It's electronic music again, and yet again, I feel wholly inadequate to judge as I've never had the urge to put on techno outside of video games or a dance hall. I just don't think it's the right kind of music for studying, and it just lulls me to sleep when I am driving. Alan Braxe is definitely techno, though, and it's the good kind of techno: it isn't overly repetitive, not pretentious, and it does this without being really poppy. Some of the songs sound like what I like to call "transvestite techno", which basically sounds like the theme song to "Queer Eye For the Straight Guy". Imagine a techno version of "We Are Family" and you'll have an idea of what I mean. The songs that do have vocals are just simple affirmations of the song title itself, as if the song was reminding you what it was called. People who pay attention to popular culture may remember "Music Sounds Better With You", released in 1998. That's right, it's another singles collection.

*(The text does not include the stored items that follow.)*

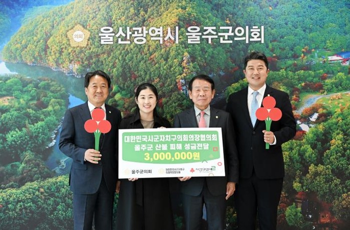 대한민국시군자치구의회 의장협의회가 울주군 산불 피해복구지원을 위한 성금 300만원을 기탁했다.
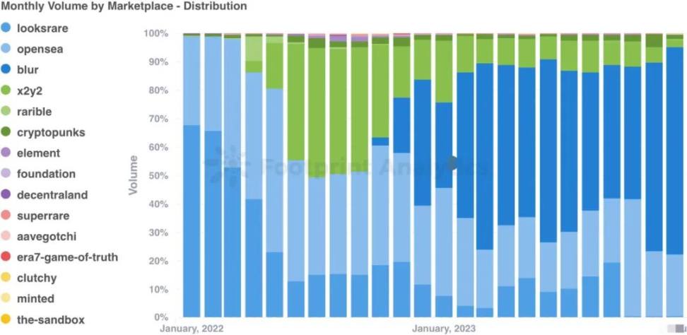 在 12 月份的 NFT 交易市场动态中,我们可以看到一些重大变化。Blur 的交易量增长了 45.4%,达到了 6.2 亿美元,而 OpenSea 的交易量上升了 25.2%,达到了 1.9 亿美元。然而,X2Y2 的交易量却下降了 32.0%。
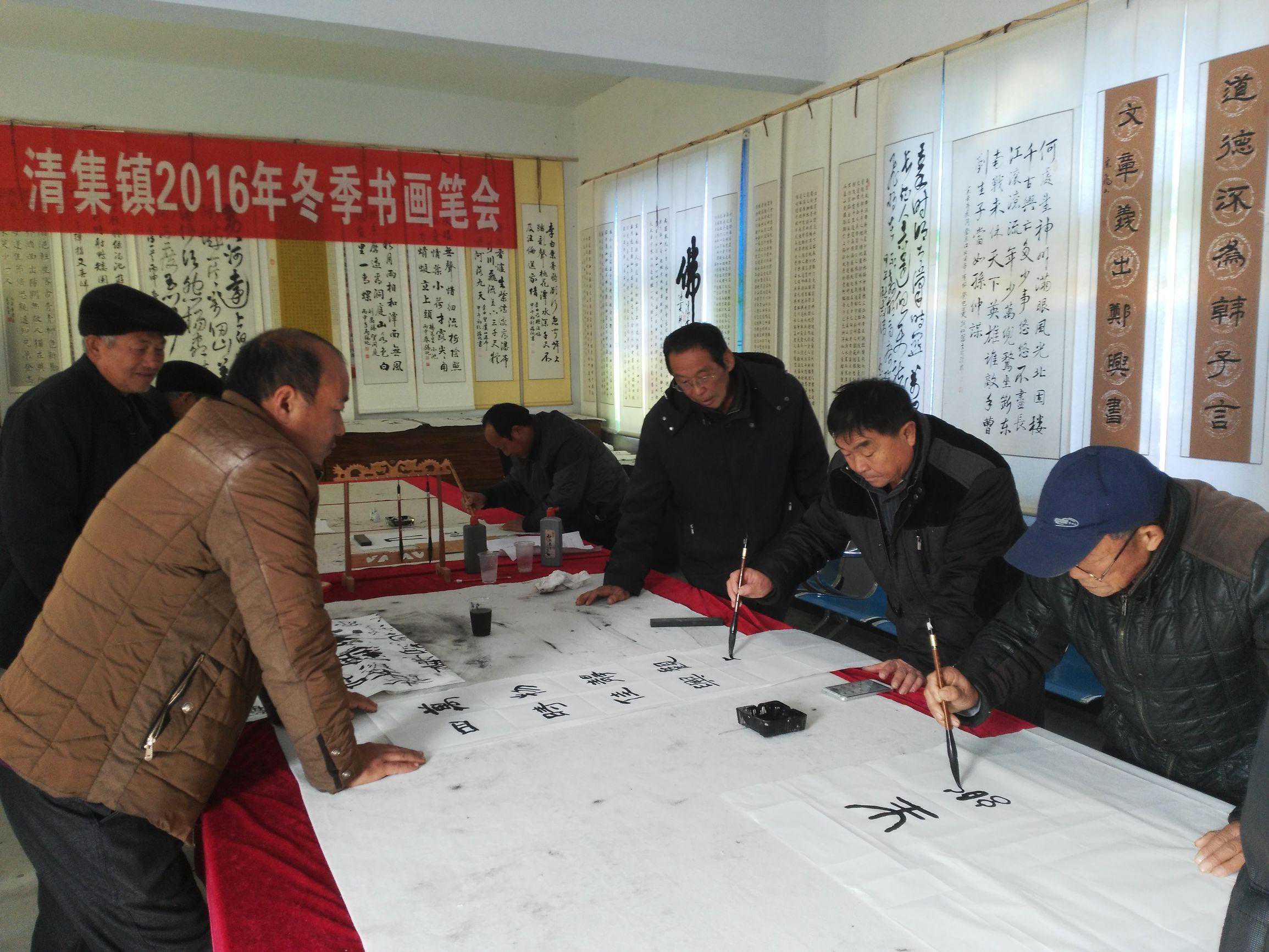 初寒乍暖的初冬上午,清集镇书画院洋溢着一阵阵欢声笑语。来至全镇的二十余名书画爱好者欢聚一堂。他们带着各自的书画作品相互切磋交流,有的挥毫泼墨,现场创作。
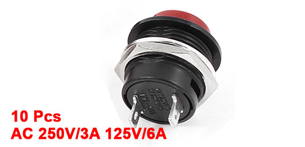 10 Pcs AC 250V/3A 125V/6A 2-Pin SPST Momentary Red Push Button Switch
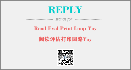 上述内容是“Read Eval Print Loop Yay”作为“REPLY”的缩写,解释为“阅读评估打印回路Yay”时的信息,以及英文缩略词REPLY所代表的英文单词,其对应的中文拼音、详细解释以及在英文中的流行度和相关分类、应用领域及应用示例等。
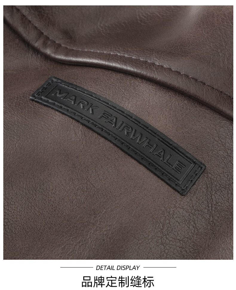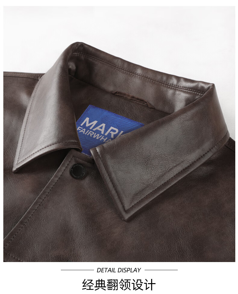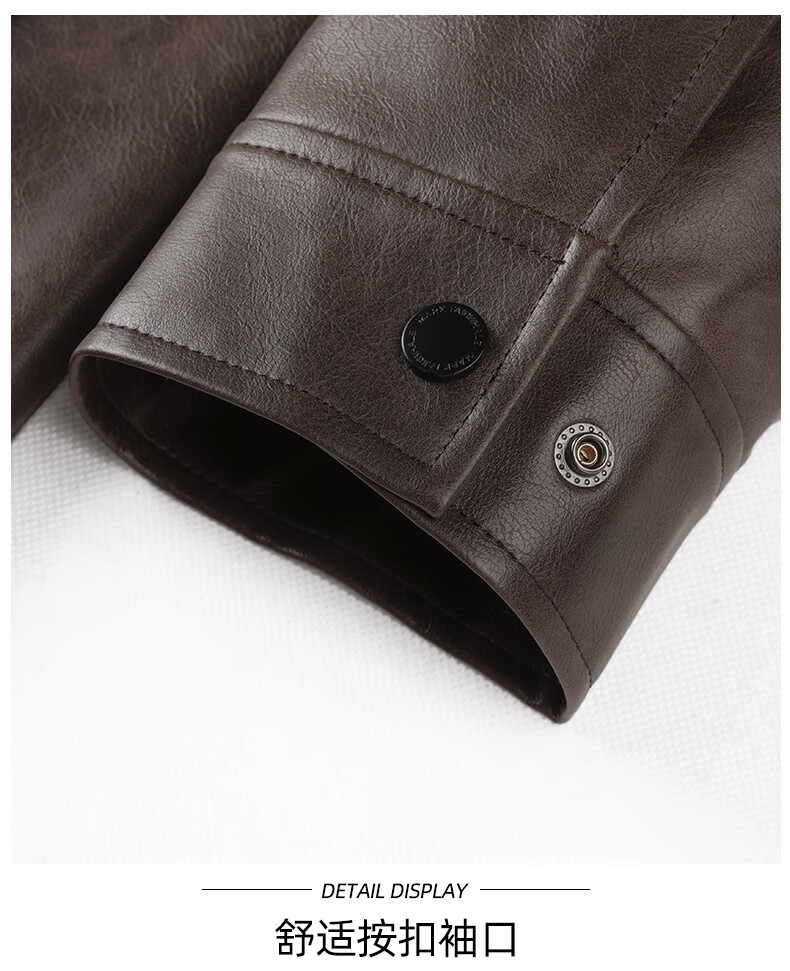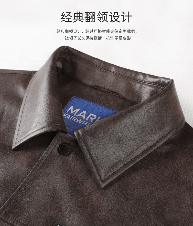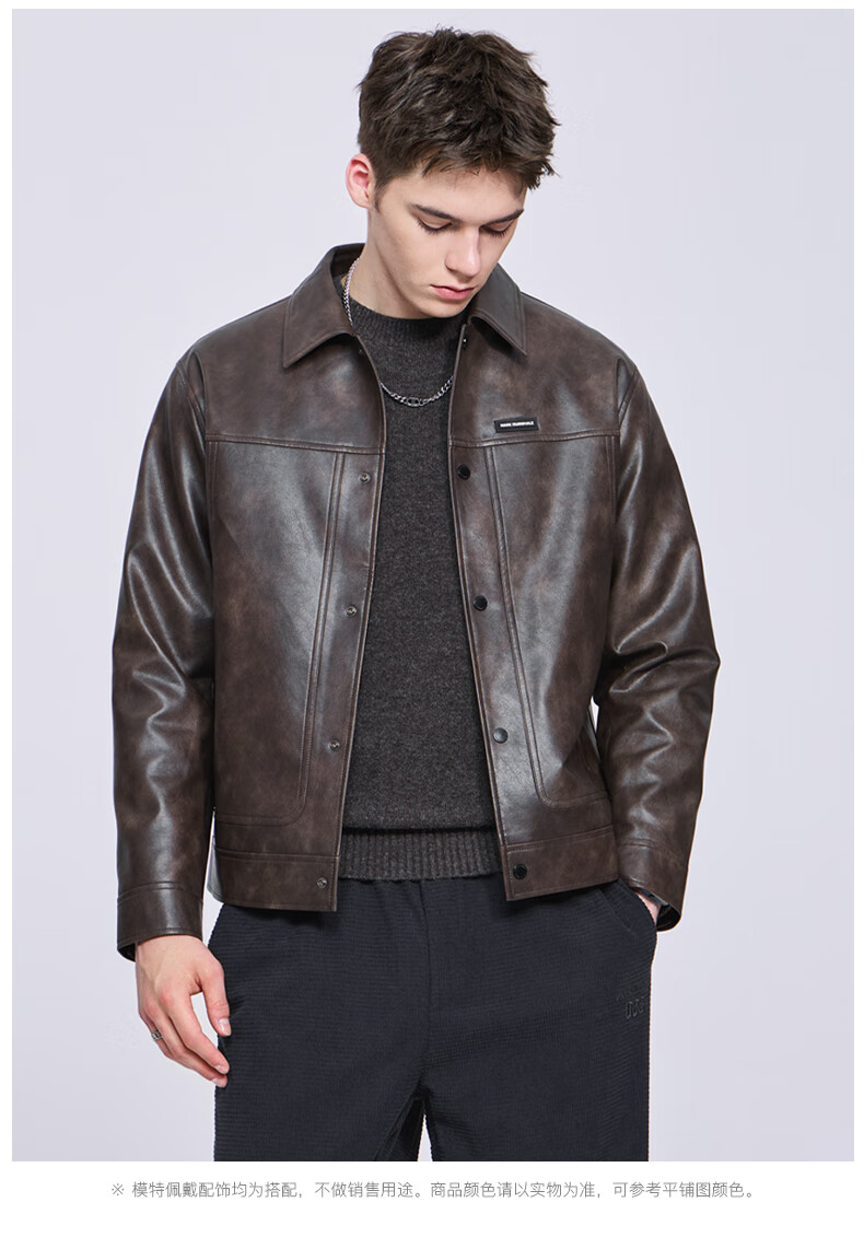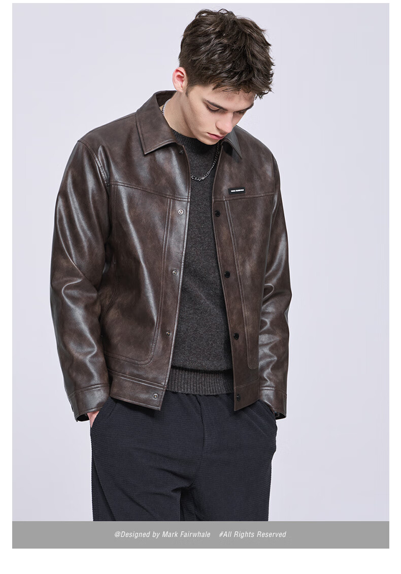 Mark Huafei American functional retro leather jacket men's 2025 autumn new windproof pu lapel jacket 1511 brown plus velvet M 170
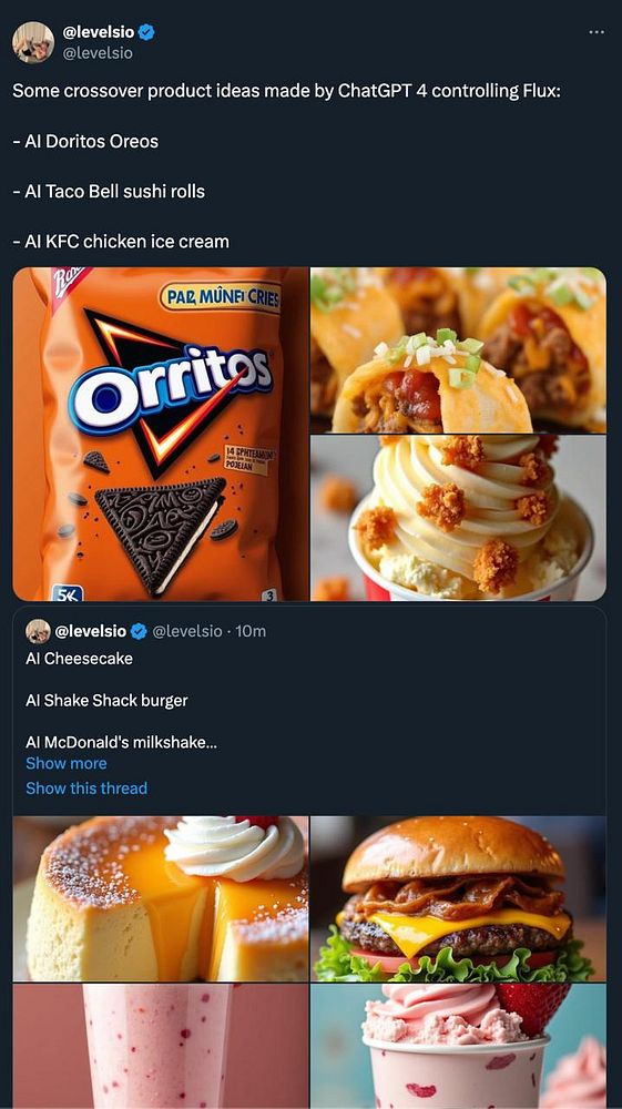 make crossover product ideas by hooking up ChatGPT 4 to Flux
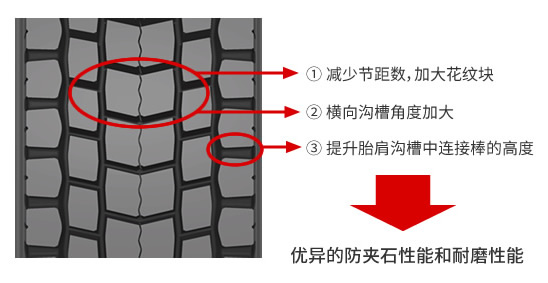 通過強(qiáng)化胎肩花紋塊剛性,從而提高高速行駛穩(wěn)定性;
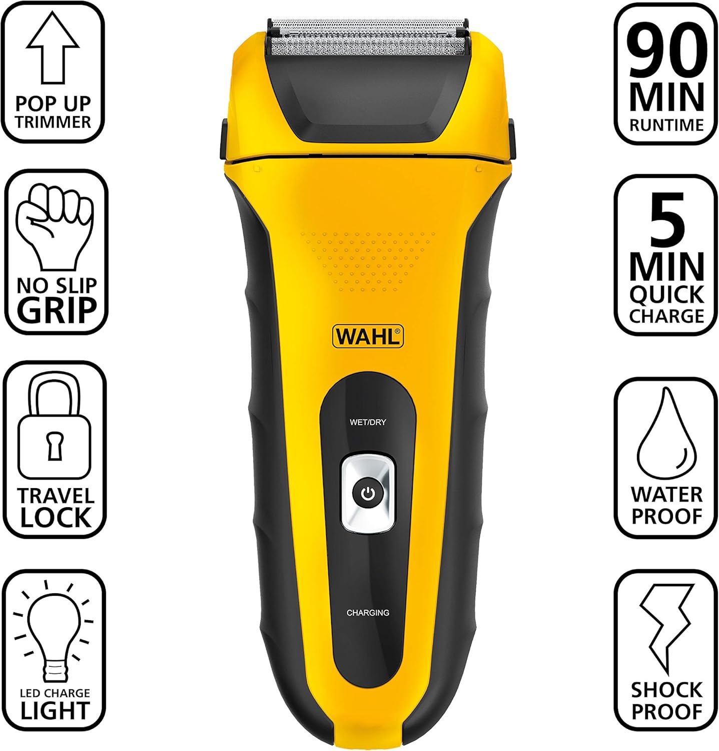Para facilitar a manutenção, há a função de abertura com um toque (“one-touch open”), permitindo enxaguar a cabeça com água de forma rápida e prática. Esse modelo é à prova d’água (“wet & dry”), o que significa que você pode barbear a seco ou usar com espuma, gel ou até no chuveiro, conforme sua preferência.

All arguments about whether singles collections should even be reviewed aside, after hearing this, my only experience with Mr. Braxe, perhaps he is best served to the general public as a Best Of collection. Those of us who are not versed in techno can experience the highlights of his career without being turned off by what is — as having a singles collection affirms — a bunch of mediocre filler along the way.

If you aren't familiar with Mr. Braxe, like myself, he seems to have a very distinct style. His recordings push the high end of the EQ, and his synth pads give you a very distinct feeling: the feeling of being awake at 5am in the countryside. His sparse arrangments and chords are exceedingly natural, like an incarnation of techno wandering the moors. On "Intro", there is a repeated "woo-ooh" that bears a striking resemblance to a Bob White's call, normally heard at 6am in Indiana while waiting for the school bus. This is music to play a 10 year old driving video game to until 4 in the morning. It's music to make coffee to, if you were so inclined.

Overall, if this were not a singles compilation, I would advise the techno enthusiast to hastily purchase this CD, and the layman to burn it. But seeing as how this is a singles collection, the enthusiast probably already has all of these songs already, which would lead me to suggest to you to burn the CD.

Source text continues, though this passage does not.